An offshore company is a flexible business instrument and as such can be integrated into a wide variety of tax planning and asset protection arrangements. Reduced or deferred tax liability and increased confidentiality are just two of the benefits which can be achieved by proper application of an offshore company. The practical implementation of an offshore strategy will of course depend on the anti-avoidance laws that may be in force in the country where the beneficial owner is citizen, is domiciled or does business. Therefore to all potential customers we recommend to obtain a qualified tax advice from a specialist in Your country of residence, domicile or proposed business operations.

First Minutes or First Resolutions

This document, or a set of documents, represent a number of important official decisions carried out by the Subscriber or by the Registered Agent after the offshore company is incorporated. These resolutions shape the internal structure of the company. The First Resolutions would contain information about the name, Registered Address and registration number of the new company and they would establish who is the Registered Agent of the company, who are appointed director(s) of the company, how many shares are being issued to the shareholders, and who are those shareholders. Sometimes, as the case may be, the First Resolutions would also deal with appointing a Secretary to the offshore company, appointing accountant, auditor, attorney or any other consultant or advisor to the company, resolving to open a bank account with a particular bank and appointing the account signatories to such account, appointing someone to act as Agent for the company, etc.

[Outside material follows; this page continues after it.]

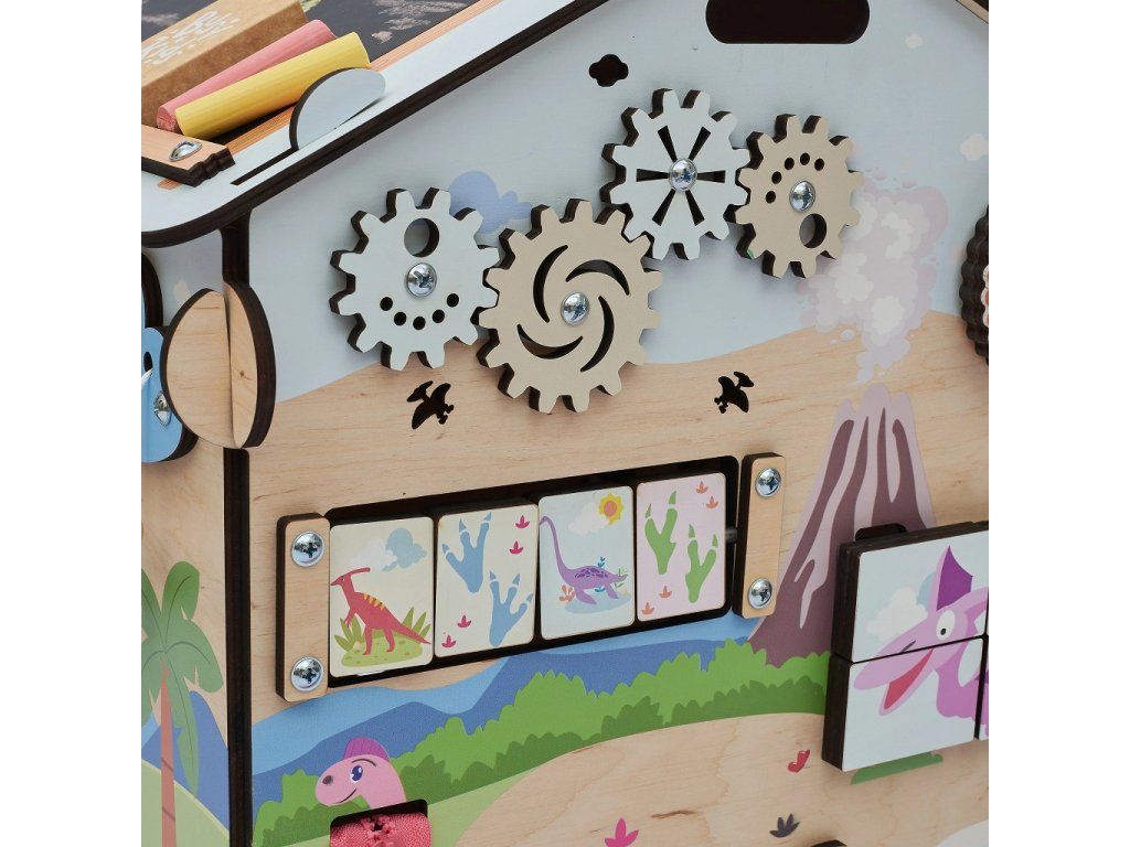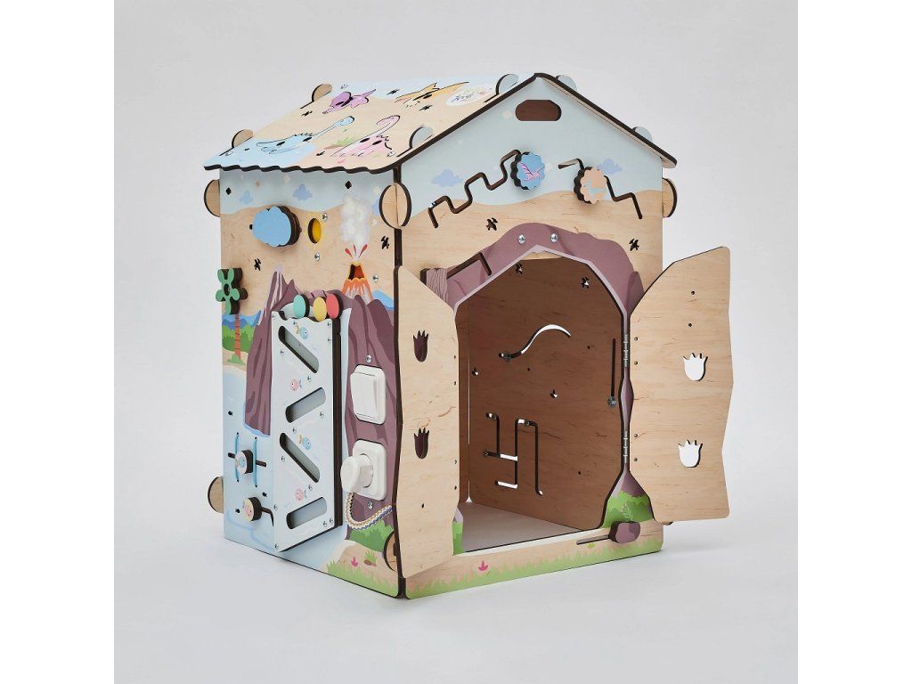 Domček s motívom dinosaurov ponúka viacero možností využitia – deti sa môžu schovávať, hrať sa na domček pre bábiky alebo garáž pre autíčka. Obsahuje približne 30 herných prvkov a 6 samostatných aktivít, ktoré možno používať jednotlivo alebo spolu.

The First Minutes or First Resolutions are ordinarily signed by the Subscriber or by the Registered Agent of the company. The First Minutes is generally the best document to look at if you wish to quickly get to know all the important particulars of the company. Usually, the First Resolutions themselves are not getting filed onto a public registrar (unlike Memorandum & Articles), but some of the information contained in those Resolutions can be filed. The BVI Business Companies Act requires that the Register of Directors of each company must be filed to the Registrar not later than 21 days after the appointment of the first director. The information about the directors is not public, unless expressly requested by the beneficial owners of the company. The Register of Shareholders can also be filed and made publicly available, if the beneficial owners wish so, however, it is not compulsory.

Obviously, when the offshore company commences operations, there may be further changes in its structure. Resolutions on such changes may be carried out by the Directors or by the Meeting of Shareholders of the company, depending on the weight of the decision and on how the Memorandum and Articles prescribe such decisions to be carried out.

Normally, all Resolutions as to any structural changes or replacements in a company must be kept on file with the Registered Agent of the Company. If such resolutions are not carried out by, or in the presence of the Registered Agent, they must be submitted to the Registered Agent for due filing and registration on the (internal) file of the Company.